Re: Who came up with the idea of significant digits?

Dear Tillie,

Take a Roman numeral like CCLXX. One thing about numbers written in this form is that every C, L, and X counts towards something. Put another way, every digit signifies something. In our modern, Arabic numerals, this would be written 270. The 0 at the end doesn't add value to the number, it is just a placekeeper increasing the value of the non-zero digits to the left of it. Before the introduction of zero, every digit was a significant digit, it was when zeros came on the scene that this began to change.

Around 1400 is the earliest the Oxford English Dictionary (2nd edition) records anyone using significant figures to mean a nonzero number, about two to three hundred years after the time that the Arabic numerals entered Europe (see http://www.britannica.com search for "Arabic numerals"). So the earliest use of the times just meant those figures to the left of the right-most zeros.

As we move towards modern times, the idea of significant figures took on new meaning. It became a quick way to indicate the accuracy of a measurement. If I write 1800 meters, then I have only measured the distance to around the nearest 100 meters, but if I write 1837.35, then I have 6 sig figs of accuracy and have measured to the nearest one hundredth of a meter.

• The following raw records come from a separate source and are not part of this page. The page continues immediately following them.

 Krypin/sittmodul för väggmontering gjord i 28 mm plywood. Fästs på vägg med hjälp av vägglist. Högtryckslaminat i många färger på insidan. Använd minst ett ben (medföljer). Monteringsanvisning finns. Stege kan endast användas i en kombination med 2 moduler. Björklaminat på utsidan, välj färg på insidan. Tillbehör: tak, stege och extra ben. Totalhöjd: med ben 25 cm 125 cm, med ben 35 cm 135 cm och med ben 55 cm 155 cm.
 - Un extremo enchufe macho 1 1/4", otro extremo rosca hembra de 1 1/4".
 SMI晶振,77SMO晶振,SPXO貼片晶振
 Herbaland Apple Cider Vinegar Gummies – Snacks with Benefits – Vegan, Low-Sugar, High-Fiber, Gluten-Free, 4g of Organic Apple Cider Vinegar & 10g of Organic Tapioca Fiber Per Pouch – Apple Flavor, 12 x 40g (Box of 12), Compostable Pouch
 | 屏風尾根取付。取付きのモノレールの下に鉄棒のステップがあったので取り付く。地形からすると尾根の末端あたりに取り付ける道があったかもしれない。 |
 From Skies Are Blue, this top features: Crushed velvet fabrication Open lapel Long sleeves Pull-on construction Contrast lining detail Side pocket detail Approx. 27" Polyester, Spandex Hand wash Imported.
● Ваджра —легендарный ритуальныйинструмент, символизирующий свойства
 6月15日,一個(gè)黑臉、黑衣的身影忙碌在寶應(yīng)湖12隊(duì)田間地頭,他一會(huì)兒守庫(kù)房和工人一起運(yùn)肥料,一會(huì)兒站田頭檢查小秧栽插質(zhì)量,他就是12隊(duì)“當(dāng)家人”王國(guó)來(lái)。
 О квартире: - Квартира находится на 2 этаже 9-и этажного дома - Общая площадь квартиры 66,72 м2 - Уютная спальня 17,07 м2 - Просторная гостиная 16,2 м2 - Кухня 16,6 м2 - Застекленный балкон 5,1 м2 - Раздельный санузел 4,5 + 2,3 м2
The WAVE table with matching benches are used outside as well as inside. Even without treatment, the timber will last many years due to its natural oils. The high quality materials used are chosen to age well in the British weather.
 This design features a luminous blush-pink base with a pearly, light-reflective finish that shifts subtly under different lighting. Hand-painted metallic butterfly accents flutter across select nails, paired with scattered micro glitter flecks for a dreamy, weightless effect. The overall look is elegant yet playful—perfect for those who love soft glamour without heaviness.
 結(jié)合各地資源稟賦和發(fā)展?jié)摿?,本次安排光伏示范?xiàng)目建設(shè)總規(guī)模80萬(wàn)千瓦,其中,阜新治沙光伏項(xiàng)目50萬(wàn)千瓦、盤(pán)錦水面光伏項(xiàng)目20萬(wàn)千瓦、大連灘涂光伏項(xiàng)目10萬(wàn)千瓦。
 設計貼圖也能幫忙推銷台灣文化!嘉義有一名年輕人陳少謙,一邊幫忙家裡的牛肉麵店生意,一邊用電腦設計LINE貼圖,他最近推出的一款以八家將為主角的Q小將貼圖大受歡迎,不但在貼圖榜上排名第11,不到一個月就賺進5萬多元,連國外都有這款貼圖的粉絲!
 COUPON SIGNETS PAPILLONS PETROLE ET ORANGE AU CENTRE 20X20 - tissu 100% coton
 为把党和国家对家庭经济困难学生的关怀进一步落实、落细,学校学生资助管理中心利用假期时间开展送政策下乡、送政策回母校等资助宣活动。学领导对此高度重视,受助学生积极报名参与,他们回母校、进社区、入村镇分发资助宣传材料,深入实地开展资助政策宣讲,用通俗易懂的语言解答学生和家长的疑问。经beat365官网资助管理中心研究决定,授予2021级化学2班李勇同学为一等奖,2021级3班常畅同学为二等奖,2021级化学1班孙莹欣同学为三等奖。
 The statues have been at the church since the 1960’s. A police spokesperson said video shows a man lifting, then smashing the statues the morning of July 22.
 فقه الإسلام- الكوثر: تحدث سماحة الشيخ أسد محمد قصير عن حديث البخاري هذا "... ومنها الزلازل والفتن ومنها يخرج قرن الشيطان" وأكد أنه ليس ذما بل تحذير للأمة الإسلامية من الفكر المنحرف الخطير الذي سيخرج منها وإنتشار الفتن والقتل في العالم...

This is an example of round-off error, where errors in measurements or knowledge of a number are explicity recorded via significant figures. The first person to seriously deal with round-off error and its effects on computation was Carl Friedrich Gauss (1777- 1855). One of the top three mathematicians of all time (Euler and Archimedes are usually accorded the other two top spots), Gauss was the first to seriously look at how limiting the number of sig figs that trigonimetric and logarithmic tables used affected computation. In Theoria Motus, he writes, "Since none of the numbers...admit absolute precision, but are all to a certain extent approximate only, the results of all calculations performed by the aid of these numbers can only be approximately true." Gauss went on to put his money where his mouth was and work out the mathematics of error analysis, a form of which appears as our rules for determining the number of sig figs after a multiplication, addition, or square root operation.

Mark